# Required action
Repeat exactly the lines of the entries below from the one with "Enrico Cattaneo Lotto" through the one with "王朝霞期末模拟卷五年级下册英", both ends included, and nothing else.

Records contained in a dataset:
-- Opening Marker --
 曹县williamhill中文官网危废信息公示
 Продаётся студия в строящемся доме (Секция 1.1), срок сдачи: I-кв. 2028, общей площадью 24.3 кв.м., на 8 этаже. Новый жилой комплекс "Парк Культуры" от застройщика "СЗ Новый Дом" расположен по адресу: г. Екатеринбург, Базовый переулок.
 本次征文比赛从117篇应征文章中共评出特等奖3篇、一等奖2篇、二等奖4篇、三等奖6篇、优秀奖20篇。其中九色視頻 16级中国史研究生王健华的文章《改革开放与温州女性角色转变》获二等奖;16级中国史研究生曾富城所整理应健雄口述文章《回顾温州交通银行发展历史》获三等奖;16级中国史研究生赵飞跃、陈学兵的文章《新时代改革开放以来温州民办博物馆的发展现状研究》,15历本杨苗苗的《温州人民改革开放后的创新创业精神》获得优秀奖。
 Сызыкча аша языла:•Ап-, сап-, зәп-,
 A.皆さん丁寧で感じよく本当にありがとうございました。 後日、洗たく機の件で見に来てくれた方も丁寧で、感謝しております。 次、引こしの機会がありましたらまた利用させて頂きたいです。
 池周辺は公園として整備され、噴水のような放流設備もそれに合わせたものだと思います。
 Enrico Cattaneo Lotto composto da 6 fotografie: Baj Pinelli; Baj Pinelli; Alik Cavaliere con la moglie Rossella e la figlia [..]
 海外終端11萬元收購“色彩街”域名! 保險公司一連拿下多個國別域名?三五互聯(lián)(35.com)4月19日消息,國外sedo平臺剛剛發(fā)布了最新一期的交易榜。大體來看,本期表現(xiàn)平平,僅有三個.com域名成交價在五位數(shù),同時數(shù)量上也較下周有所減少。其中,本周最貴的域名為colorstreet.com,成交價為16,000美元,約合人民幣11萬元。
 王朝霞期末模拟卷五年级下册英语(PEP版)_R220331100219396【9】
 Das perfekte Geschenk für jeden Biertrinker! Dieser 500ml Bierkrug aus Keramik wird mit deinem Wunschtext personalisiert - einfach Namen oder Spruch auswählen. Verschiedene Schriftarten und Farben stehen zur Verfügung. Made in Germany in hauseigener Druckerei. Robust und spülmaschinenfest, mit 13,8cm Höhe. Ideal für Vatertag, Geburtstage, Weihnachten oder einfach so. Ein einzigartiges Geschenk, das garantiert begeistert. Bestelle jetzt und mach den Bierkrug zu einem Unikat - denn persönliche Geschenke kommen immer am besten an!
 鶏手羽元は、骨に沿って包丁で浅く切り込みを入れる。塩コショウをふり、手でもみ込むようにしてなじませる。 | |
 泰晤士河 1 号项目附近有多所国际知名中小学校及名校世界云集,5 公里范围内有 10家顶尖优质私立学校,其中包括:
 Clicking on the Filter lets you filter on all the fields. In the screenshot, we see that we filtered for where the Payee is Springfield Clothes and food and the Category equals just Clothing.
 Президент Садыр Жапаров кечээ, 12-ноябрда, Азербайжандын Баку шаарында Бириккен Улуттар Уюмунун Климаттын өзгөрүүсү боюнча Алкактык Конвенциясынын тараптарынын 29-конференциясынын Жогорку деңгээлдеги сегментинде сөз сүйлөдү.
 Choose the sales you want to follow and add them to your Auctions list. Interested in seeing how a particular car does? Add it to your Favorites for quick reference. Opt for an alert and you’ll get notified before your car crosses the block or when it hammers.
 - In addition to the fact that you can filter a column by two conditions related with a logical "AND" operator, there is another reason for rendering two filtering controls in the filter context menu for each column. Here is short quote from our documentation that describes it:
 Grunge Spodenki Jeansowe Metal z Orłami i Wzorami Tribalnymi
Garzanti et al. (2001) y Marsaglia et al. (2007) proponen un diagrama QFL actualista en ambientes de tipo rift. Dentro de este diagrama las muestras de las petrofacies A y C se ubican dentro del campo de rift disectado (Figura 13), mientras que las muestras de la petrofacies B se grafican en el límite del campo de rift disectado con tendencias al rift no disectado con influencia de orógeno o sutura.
-- Closing Marker --
# Answer box
 Enrico Cattaneo Lotto composto da 6 fotografie: Baj Pinelli; Baj Pinelli; Alik Cavaliere con la moglie Rossella e la figlia [..]
 海外終端11萬元收購“色彩街”域名! 保險公司一連拿下多個國別域名?三五互聯(lián)(35.com)4月19日消息,國外sedo平臺剛剛發(fā)布了最新一期的交易榜。大體來看,本期表現(xiàn)平平,僅有三個.com域名成交價在五位數(shù),同時數(shù)量上也較下周有所減少。其中,本周最貴的域名為colorstreet.com,成交價為16,000美元,約合人民幣11萬元。
 王朝霞期末模拟卷五年级下册英语(PEP版)_R220331100219396【9】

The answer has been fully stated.